The irony was unavoidable for Zimbabwe fans on Thursday as Colin de Grandhomme took two catches and effected a run-out in New Zealand's 202-run victory in Napier. It wasn't just that he was dismantling the nation of his birth; the place where he grew up and learnt his cricket, and the country for whom both his father and grandfather had played. It was also the fact that he was taking his catches, and doing so with a skill and calmness rarely displayed by Zimbabwe in the field.

There are still many things ailing Zimbabwe cricket - that's been obvious on a tour in which they've failed to challenge the Black Caps in any way. But most disheartening has been the fielding, not only because Zimbabwe had a reputation for it pre-2005 but also because there's no excuse for not doing it well.

No cricketer coming through St George's College in Harare, where De Grandhomme went to high school, would have passed through the first form without an education on Colin Bland from the Under-14 coach Mike Nash.

Nash was an undoubted cricket tragic, and although I remember the tedium of his interminable lectures, his passion clearly came through because I also remember his description of Bland's technique - how it was refined to the extent that he would always have his right foot halfway to the ground at the moment the ball was struck by the batsman, ready to propel him in the appropriate direction.

Such stories made it clear just how much Bland relished fielding, which is not something you sense in the Zimbabwe of today. Although Bland played Test cricket for South Africa he was born in Bulawayo and represented Rhodesia in the Currie Cup, making him one of Zimbabwe's great cricket treasures.

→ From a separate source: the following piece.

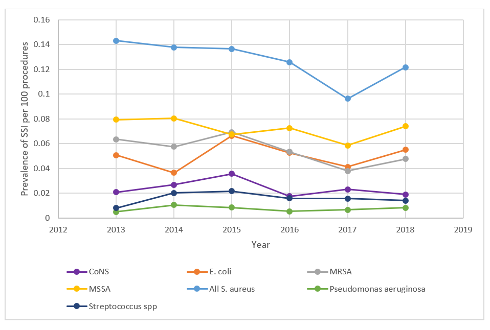 Figure 1: Prevalence Rates of Community Hospital Complex SSIs by Causative Pathogen from 2013 to 2018

Sadly Nash passed away a few years ago, because his history lessons could be an asset for Zimbabwe right now. The six-year black hole that preceded their return to Test cricket has to some extent drained the memories of what the country has achieved, taking national pride along with it. Even the 1990s feel like a distant, disconnected reminiscence, and what's needed is for someone to tie the previous eras to the current one as a reminder of what Zimbabwe's cricketers represent.

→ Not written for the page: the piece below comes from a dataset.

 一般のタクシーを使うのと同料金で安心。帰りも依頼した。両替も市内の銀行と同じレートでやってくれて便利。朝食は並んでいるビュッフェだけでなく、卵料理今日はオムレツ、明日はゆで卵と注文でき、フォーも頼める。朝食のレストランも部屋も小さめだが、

A couple of plucky performances against New Zealand last year suggested that Zimbabwe were beginning to realise this, and as Peter Roebuck put it, were transforming from boys to men. But the belief has bled out of them on this tour as every chance has been spilled, the confidence built up over six months of hard work draining from the psyche to be replaced by self-doubt.

Improving their fielding is the best way to restore self-respect, but it will also have the important effect of buying them time and goodwill in the eyes of the rest of the cricketing world - some of whom are already questioning Zimbabwe's Test status after last month's humiliation by the Black Caps.

I was reminded of this when I was alerted to a piece by South African Nobel Prize winner JM Coetzee in a new book by Christian Ryan entitled Australia: Story of a Cricket Country. In the chapter, Coetzee recalls listening to South Africa's tour of Australia in 1952 over the radio as a 12-year-old boy.

At that time the Springboks were fairly rubbish, but their captain Jack Cheetham and manager Ken Viljoen decided they could make up for some of their shortcomings by giving "top priority to fielding, using this hitherto underexploited department of the game as part of the attack."

It was, Coetzee says, "something of a landmark in the history of the game, at least for forms of the game played under a critical public eye. Not only would good-hearted public tolerance of incompetent fielding henceforth begin to evaporate, but it had been convincingly demonstrated that a middling group of players could be moulded into a winning team around a core of excellence in fielding, the department of the game in which the quality of the ensemble - as opposed to the qualities of individual players - comes out most clearly."

South Africa went on to share the series 2-2.

Fielding well is no novel concept these days, but there is still plenty that Zimbabwe can take from those sentiments.